**ACTIVITY**
Look below for the line holding "今夜は煮貝の盛り合わせで一杯、貝好きにはたまらない 酒の肴ですね。 酒は勿論、「" and the line holding "1月8日,卢伟冰通过公开信表示,千店同开正是兑现承诺的一小步。". Transcribe exactly those lines and all lines between them, nothing more.

**SUPPLIED DATA**
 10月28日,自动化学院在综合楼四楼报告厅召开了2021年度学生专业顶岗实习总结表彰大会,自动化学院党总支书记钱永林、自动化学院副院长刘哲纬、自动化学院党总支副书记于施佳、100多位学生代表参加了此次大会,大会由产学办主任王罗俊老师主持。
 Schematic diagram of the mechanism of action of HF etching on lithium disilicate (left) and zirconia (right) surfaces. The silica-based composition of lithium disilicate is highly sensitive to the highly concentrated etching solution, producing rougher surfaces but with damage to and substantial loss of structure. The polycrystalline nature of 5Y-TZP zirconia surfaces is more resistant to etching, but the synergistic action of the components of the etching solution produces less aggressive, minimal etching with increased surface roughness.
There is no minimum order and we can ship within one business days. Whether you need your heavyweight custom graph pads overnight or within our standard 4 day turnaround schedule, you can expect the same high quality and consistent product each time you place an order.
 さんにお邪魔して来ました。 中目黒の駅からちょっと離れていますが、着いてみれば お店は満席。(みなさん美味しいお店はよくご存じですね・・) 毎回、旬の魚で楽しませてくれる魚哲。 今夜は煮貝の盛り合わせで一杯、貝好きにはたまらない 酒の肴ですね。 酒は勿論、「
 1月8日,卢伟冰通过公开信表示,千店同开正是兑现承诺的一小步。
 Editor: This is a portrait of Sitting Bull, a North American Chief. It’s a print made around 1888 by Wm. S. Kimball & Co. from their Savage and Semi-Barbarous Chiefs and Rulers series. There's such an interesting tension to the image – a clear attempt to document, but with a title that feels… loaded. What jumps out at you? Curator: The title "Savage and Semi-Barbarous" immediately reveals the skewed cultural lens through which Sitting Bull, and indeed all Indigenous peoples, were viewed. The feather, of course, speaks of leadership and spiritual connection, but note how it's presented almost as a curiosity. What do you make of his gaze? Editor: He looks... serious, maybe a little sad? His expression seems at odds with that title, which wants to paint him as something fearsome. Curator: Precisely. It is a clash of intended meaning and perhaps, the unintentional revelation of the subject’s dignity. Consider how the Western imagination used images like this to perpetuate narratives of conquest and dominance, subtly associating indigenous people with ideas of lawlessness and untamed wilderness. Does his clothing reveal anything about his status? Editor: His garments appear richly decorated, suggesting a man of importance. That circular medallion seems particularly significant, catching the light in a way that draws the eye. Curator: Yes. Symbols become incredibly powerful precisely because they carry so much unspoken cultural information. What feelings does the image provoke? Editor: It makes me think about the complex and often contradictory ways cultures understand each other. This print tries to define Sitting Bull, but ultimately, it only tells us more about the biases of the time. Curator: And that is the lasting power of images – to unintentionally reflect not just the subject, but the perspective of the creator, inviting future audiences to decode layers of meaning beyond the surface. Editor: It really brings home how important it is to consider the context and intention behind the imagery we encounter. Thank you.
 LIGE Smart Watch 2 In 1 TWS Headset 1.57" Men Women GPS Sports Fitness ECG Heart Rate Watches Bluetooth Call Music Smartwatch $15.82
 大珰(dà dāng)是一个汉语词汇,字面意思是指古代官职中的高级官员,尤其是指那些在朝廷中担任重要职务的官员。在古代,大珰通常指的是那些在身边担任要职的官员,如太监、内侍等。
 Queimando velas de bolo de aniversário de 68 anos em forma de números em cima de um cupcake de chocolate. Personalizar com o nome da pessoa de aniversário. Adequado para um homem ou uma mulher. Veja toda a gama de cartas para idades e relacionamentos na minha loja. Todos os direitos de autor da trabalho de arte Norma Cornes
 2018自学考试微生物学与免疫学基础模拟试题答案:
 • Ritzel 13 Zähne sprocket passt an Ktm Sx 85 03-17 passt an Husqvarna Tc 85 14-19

* * *

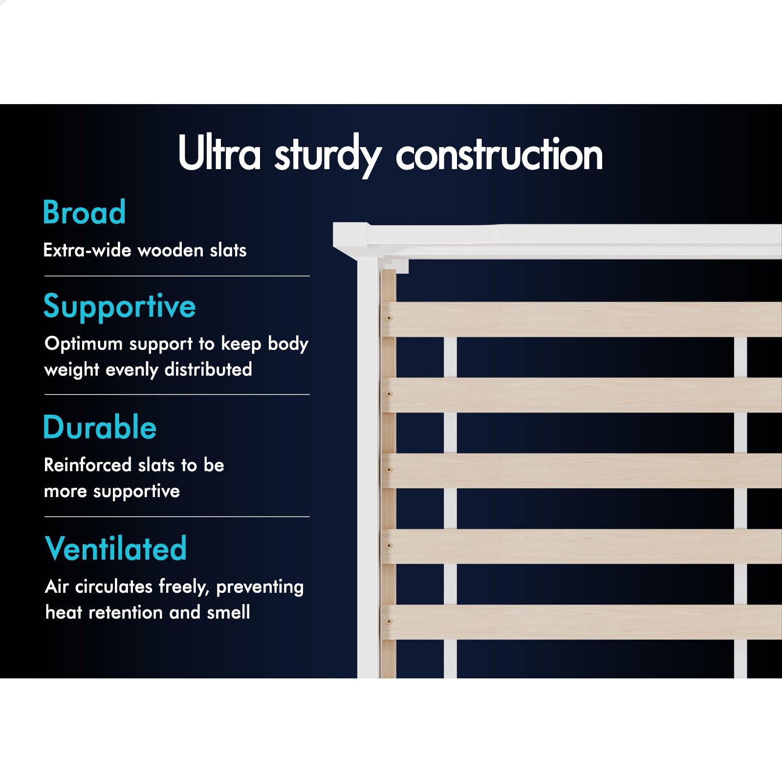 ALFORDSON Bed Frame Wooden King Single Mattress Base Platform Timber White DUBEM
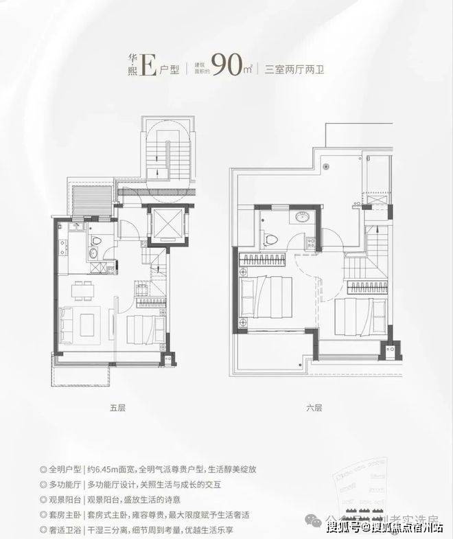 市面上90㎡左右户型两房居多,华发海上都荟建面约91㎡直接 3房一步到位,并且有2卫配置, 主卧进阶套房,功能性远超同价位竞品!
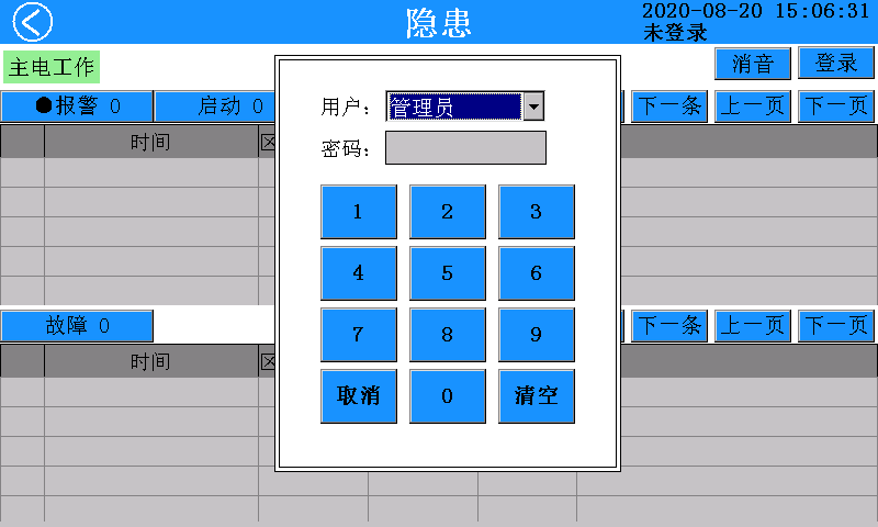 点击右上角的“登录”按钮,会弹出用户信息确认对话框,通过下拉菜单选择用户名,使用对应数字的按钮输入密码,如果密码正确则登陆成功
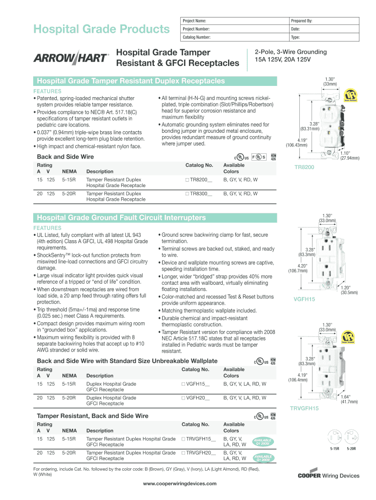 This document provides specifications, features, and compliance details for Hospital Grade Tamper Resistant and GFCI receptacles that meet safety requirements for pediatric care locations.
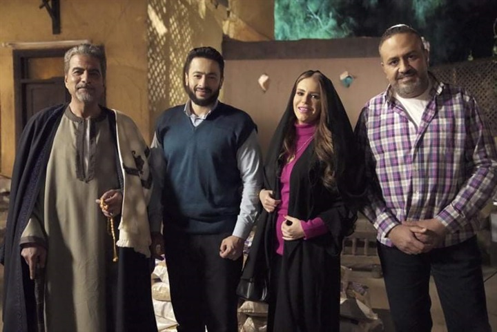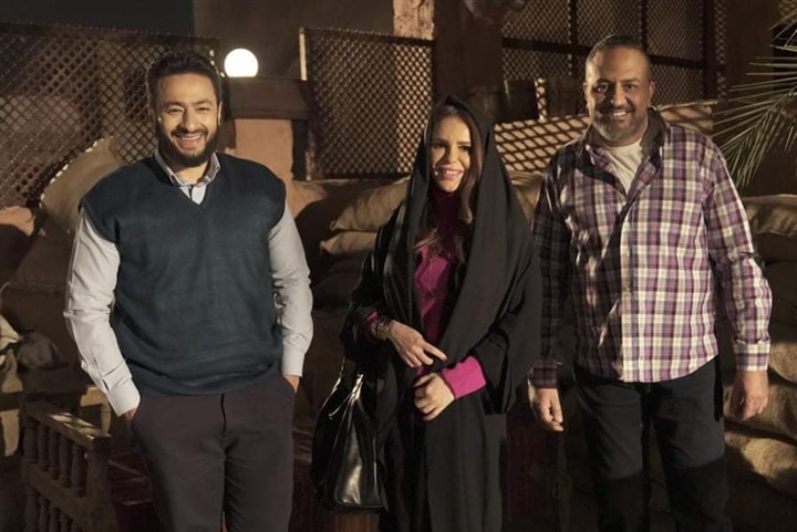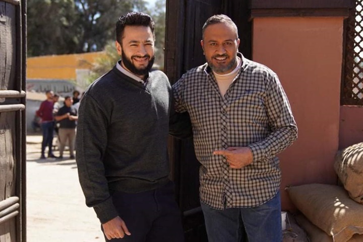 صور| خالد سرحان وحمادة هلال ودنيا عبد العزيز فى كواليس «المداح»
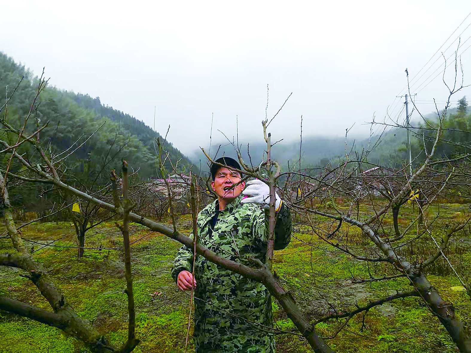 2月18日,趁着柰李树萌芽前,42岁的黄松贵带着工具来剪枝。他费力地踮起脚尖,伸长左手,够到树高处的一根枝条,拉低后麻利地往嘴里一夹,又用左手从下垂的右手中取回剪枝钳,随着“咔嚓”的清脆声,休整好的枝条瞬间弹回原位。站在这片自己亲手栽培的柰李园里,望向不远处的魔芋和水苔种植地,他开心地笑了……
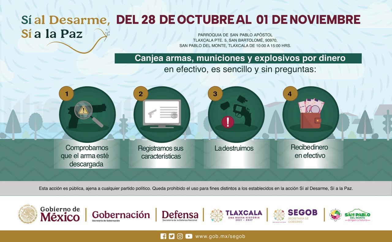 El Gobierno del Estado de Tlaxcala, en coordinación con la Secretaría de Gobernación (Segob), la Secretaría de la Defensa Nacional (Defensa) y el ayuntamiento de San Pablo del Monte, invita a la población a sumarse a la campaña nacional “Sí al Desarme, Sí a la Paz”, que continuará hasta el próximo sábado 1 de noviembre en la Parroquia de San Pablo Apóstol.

* * *

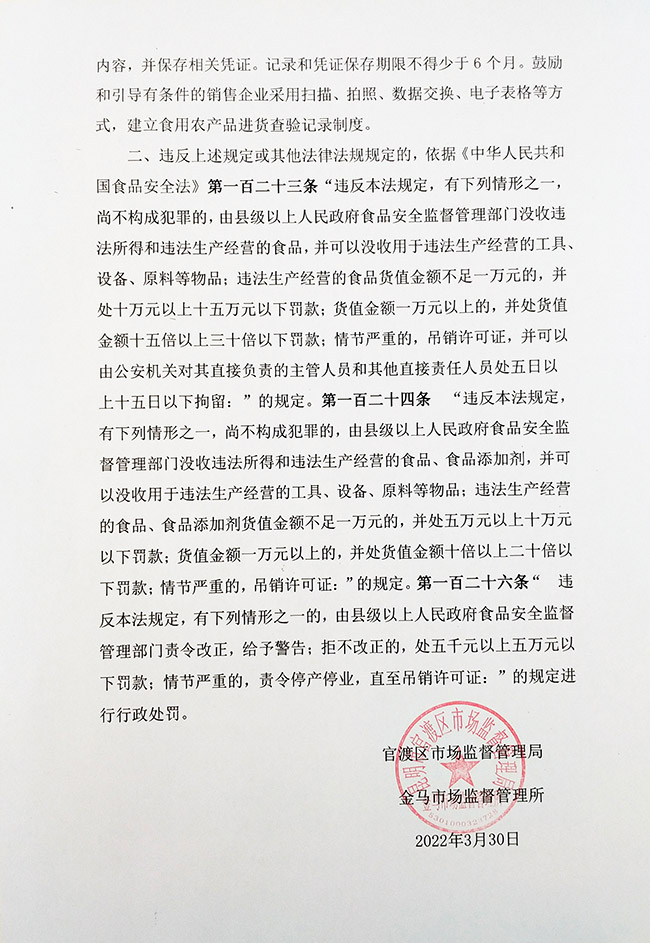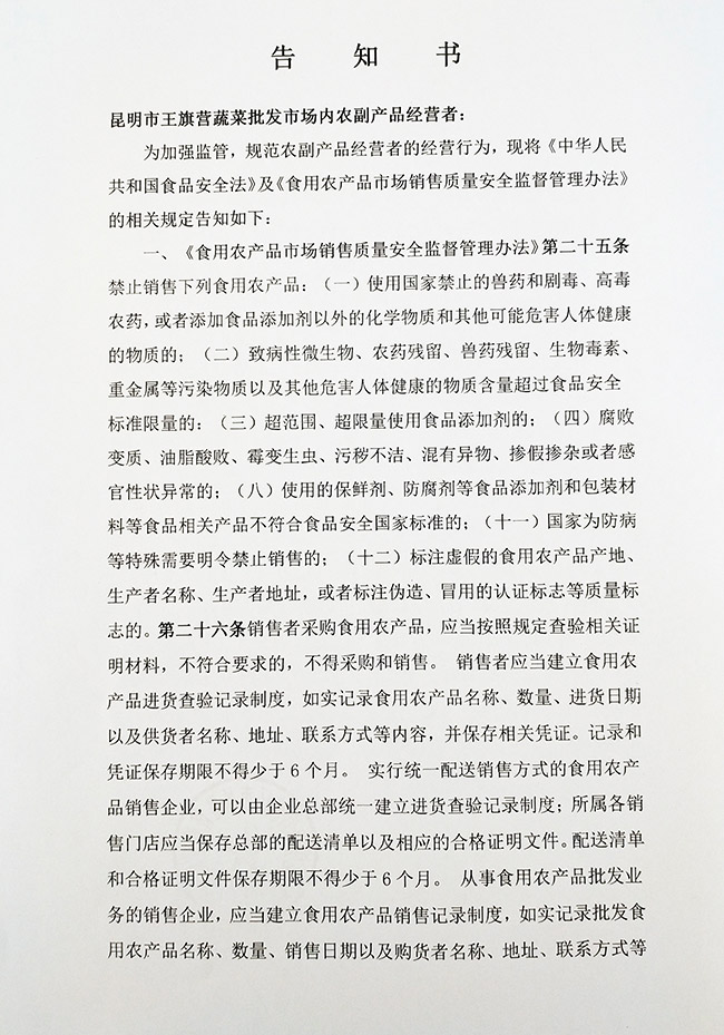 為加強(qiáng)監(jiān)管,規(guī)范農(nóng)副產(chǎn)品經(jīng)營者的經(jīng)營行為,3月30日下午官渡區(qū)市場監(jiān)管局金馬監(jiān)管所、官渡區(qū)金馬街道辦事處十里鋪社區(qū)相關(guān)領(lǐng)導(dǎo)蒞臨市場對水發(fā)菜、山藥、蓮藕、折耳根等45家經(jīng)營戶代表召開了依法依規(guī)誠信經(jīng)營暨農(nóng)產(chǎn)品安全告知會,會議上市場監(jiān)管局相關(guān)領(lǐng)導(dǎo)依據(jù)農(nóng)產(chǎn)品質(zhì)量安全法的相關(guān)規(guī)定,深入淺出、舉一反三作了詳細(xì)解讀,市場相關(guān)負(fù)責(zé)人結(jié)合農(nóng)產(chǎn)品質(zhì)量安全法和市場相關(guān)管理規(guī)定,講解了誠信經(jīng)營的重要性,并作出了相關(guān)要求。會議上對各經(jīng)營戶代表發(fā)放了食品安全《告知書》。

**EXERCISE ANSWER**
 さんにお邪魔して来ました。 中目黒の駅からちょっと離れていますが、着いてみれば お店は満席。(みなさん美味しいお店はよくご存じですね・・) 毎回、旬の魚で楽しませてくれる魚哲。 今夜は煮貝の盛り合わせで一杯、貝好きにはたまらない 酒の肴ですね。 酒は勿論、「
 1月8日,卢伟冰通过公开信表示,千店同开正是兑现承诺的一小步。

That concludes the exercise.